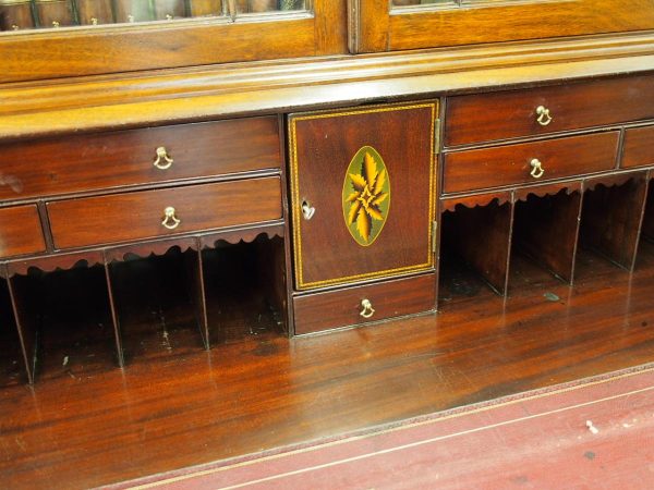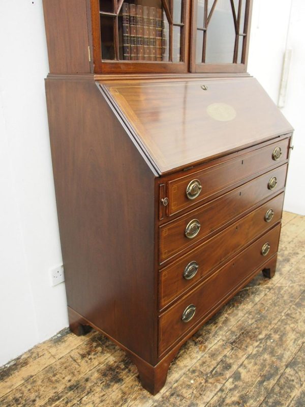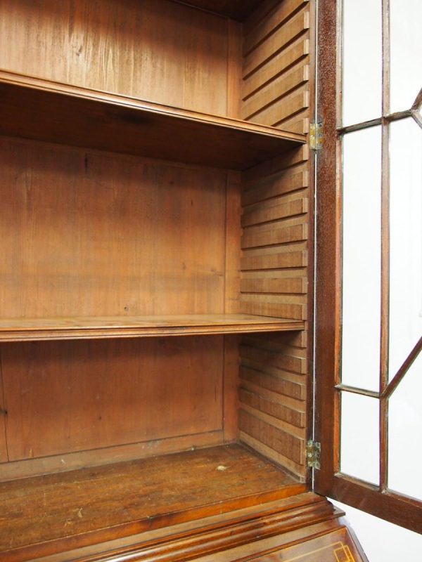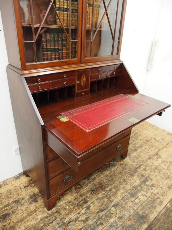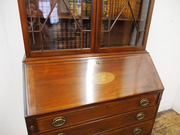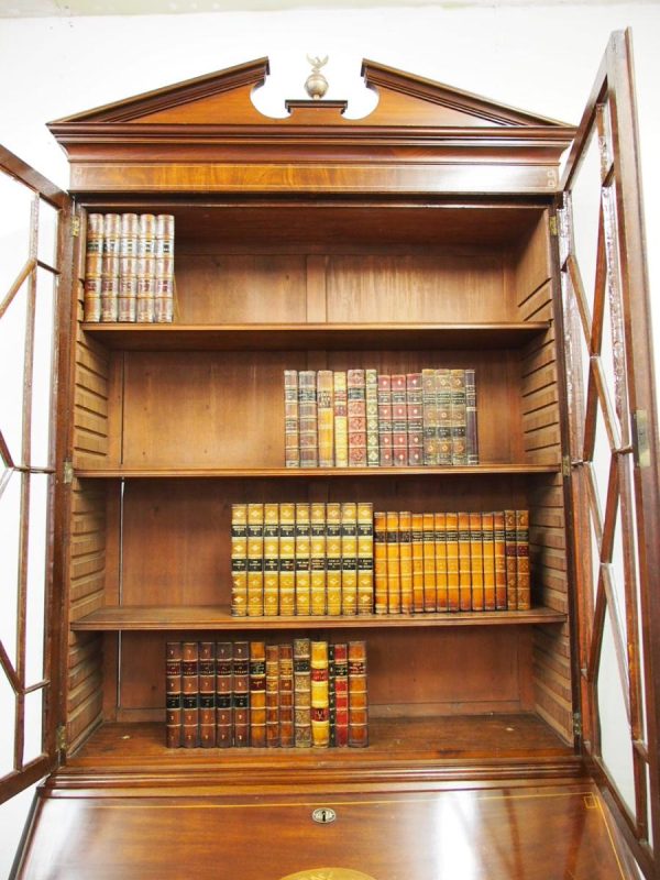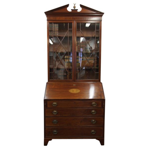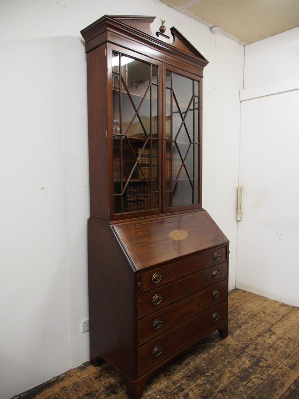 Circa 1790 with minor adaptations, George III inlaid mahogany bureau bookcase. Surmounted by a broken arched pediment over a moulded cornice and inlaid frieze, it has twin astragal glazed doors with original glazing, and the interior with 3 sliding adjustable shelves. The bureau has an oval inlaid panel to the flap, and inside is an inlaid door, drawers, pigeonholes and secret drawer. There are 4 graduated inlaid drawers with oval brass handles and a moulded base with bracket feet.
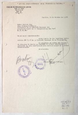 Oficio de Héctor Barriga Reátegui, Decano del Colegio de Abogados de Loreto a Juan Mendoza Rodríguez, general de División y presidente de la Comisión Nacional del Sesquicentenario de la Independencia del Perú, comunicando que ha recibido los Boletines Informativos N° 7 y 8 de la Comisión Nacional.
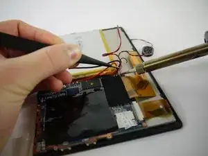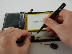 С помощью пинцета снимите ленту, фиксирующую камеры к задней панели.
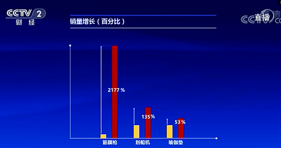 除了这个领域之外还有另外一个领域的产品销量增幅也非常大。我们来看一下,首先大家看到的这个产品是筋膜枪,增长2177%。划船机同比增长135%,瑜伽垫销量同比增长了53%。这三样产品勾勒出的是非常火热的健身产品。在刚才这三样产品当中值得一提的是筋膜枪,可能有不少人对这个名称感觉到有一点陌生,一点不假,原来筋膜枪可能更多的是用在专业的健身房当中,你的教练用筋膜枪通过它的高频震动帮你放松肌肉,但是宅在家里的人们从来没有放弃锻炼,所以不管是筋膜枪也好,划船机也好,瑜伽垫也好都成了我们锻炼的好帮手。
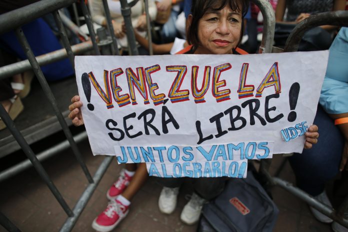 * Opposisjonen mener president Nicolás Maduros vanstyre er årsak til den dype økonomiske krisen. USA har innført sanksjoner mot presidenten og stemplet ham som diktator.
────────────────────
#### TASK PROMPT
Repeat every entry exactly, but leave out the pictures.

#### YOUR RESPONSE
 Circa 1790 with minor adaptations, George III inlaid mahogany bureau bookcase. Surmounted by a broken arched pediment over a moulded cornice and inlaid frieze, it has twin astragal glazed doors with original glazing, and the interior with 3 sliding adjustable shelves. The bureau has an oval inlaid panel to the flap, and inside is an inlaid door, drawers, pigeonholes and secret drawer. There are 4 graduated inlaid drawers with oval brass handles and a moulded base with bracket feet.
 Oficio de Héctor Barriga Reátegui, Decano del Colegio de Abogados de Loreto a Juan Mendoza Rodríguez, general de División y presidente de la Comisión Nacional del Sesquicentenario de la Independencia del Perú, comunicando que ha recibido los Boletines Informativos N° 7 y 8 de la Comisión Nacional.
 С помощью пинцета снимите ленту, фиксирующую камеры к задней панели.
 除了这个领域之外还有另外一个领域的产品销量增幅也非常大。我们来看一下,首先大家看到的这个产品是筋膜枪,增长2177%。划船机同比增长135%,瑜伽垫销量同比增长了53%。这三样产品勾勒出的是非常火热的健身产品。在刚才这三样产品当中值得一提的是筋膜枪,可能有不少人对这个名称感觉到有一点陌生,一点不假,原来筋膜枪可能更多的是用在专业的健身房当中,你的教练用筋膜枪通过它的高频震动帮你放松肌肉,但是宅在家里的人们从来没有放弃锻炼,所以不管是筋膜枪也好,划船机也好,瑜伽垫也好都成了我们锻炼的好帮手。
 * Opposisjonen mener president Nicolás Maduros vanstyre er årsak til den dype økonomiske krisen. USA har innført sanksjoner mot presidenten og stemplet ham som diktator.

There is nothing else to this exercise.